42 points by syberslidder on Aug 4, 2012 | hide | past | favorite | 19 comments
Hey fellow hackers,

I am a programmer, but most of my work doesn't involve the web. The most I have done with web design is an EC2 instance running a LAMP stack. I am working on a project right now, but my concern is that I am limited by my 1 server experience? I know the gist of scaling, (traffic routing, memcaching, sharding) but I don't really know how to go about setting it up. How do you even predict if you need to scale like that? Can scaling be done in a modular fashion? I want to learn about web scale :) Any pointers in the right direction would be greatly appreciated. If you could mention the full stack solution and not just one or two technologies that would be good.

Thanks in advance!




The best way to learn web scalability is to work at companies which have serious scaling problems. They tend to both a) develop a lot of organic knowledge about scaling, including by pushing the state of the art forward and b) they almost definitionally have more money than God, and as a consequence can spend copious money on hiring and training.

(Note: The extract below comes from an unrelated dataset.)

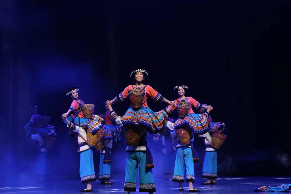舞蹈《十八洞的新苗歌》创意来自精准扶贫的首倡地十八洞村的真实事件,作品通过吸收十八洞村“非遗元素”:苗歌、苗鼓、赶秋、赶边边场等,“当代元素”:精准扶贫、相亲会、拍摄快闪、苗语版的《我和我的祖国》等,同时将其“非遗元素”与“当代元素”进行有机融合,从而达到活态传承苗族舞蹈文化基因、弘扬优秀传统文化的目的。

One thing companies with serious scaling problems will do is send you to places like e.g. JavaOne (and many, many more specialized conferences besides), where in the presentations you'll listen to e.g. LinkedIn talk about how to make writes immediately consistent to the originating user and then fan them out to other users over the course of the next few minutes, and what this requirement does to a three-tier architecture.

There's also a lot online. High Scalability will get mentioned, and I tend to keep my ears to the ground for interesting conferences and then see if they post videos and/or slide decks (SlideShare is wonderful for these).

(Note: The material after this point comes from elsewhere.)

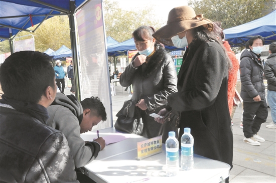 為精準(zhǔn)解決老城區(qū)低收入群體就業(yè)問題,11月16日,老城區(qū)百巷千家就業(yè)增收精準(zhǔn)對接專場招聘會在八廓商城廣場舉行。

OK, that's the answer you want. Here's the answer you need: you are overwhelmingly unlikely to have scaling problems. Single servers are big-n-beefy things, even single VPSes. Depending on what you're doing with it, a single EC2 instance running a non-optimized LAMP stack can easily get you to hundreds of thousands of users served, and/or millions of dollars of revenue. The questions of a) where do I get hundreds of thousands of users? or b) how do I convince businesses to pay $100k a month for my software? are of much more immediate and pressing concern to you than how you would take that very successful business to 10x or 100x its hypothetical size.

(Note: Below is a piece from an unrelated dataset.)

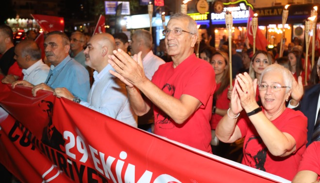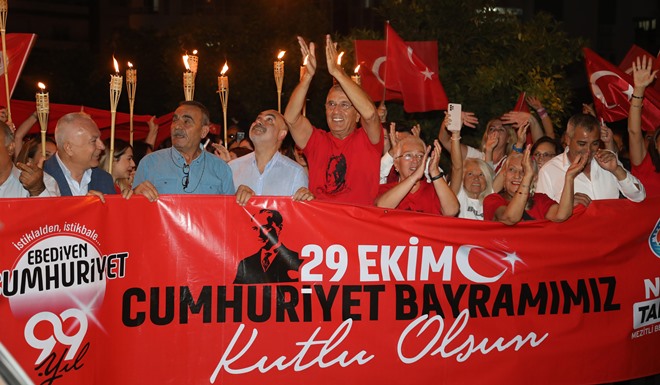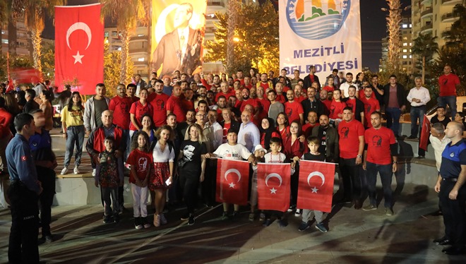 Mezitli Belediyesi tarafından 29 Ekim Cumhuriyet Bayramı kutlamalarına kapsamında meşaleli yürüyüş düzenlendi. Dev Türk Bayrağının ve Atatürk Bayrağının açıldığı yürüyüş boyunca Atatürk ve cumhuriyet sevdalısı gençler, meşaleler ve renkli sis bombaları ile geceyi kırmızıya boyadı. Mezitli Belediyesi çalışanlarının yanı sıra siyasi parti ve sivil toplum örgütü temsilcileri, belediye meclis üyeleri, mahalle muhtarlarının da katıldığı ve Mezitli Belediyesi eski hizmet binası önünden başlayan yürüyüşe, vatandaşlar da balkon ve pencerelerden atılan sloganlar ve alkışlarla eşlik etti. Korteje katılanlar slogan ve marşlarla Cumhuriyet Bayramı coşkusunu Mezitli geneline yaydı. Limon Caddesi ve Barbaros Hayrettin Paşa Bulvarı boyunca, Demokrasi Meydanına kadar alkış, slogan ve marşlarla devam etti.

(Much like "I'm concerned my experience with managing a household budget will not prepare me for the challenges posed by a 9 figure bank account after I exit. How will I ever cope? Where can I learn about the tax challenges and portfolio allocation strategies of the newly wealthy?" the obvious answer sounds like "You'll hire someone to do that for you. Now, get closer to exiting than 'Having no product and no users' and worry about being a hundred-millionaire some other day.")


I don't do web scalability (I'm in HPC), but being a sysadmin, doing more with less is the name of the game.

I think the absolute best answer is think about it now, but worry about it when you get there

That is to say, you should be conscious of how your decisions will affect you down the road, but you ultimately have to make a risk assessment whether to pay now or pay later. How likely, really, are you going to run into that problem later?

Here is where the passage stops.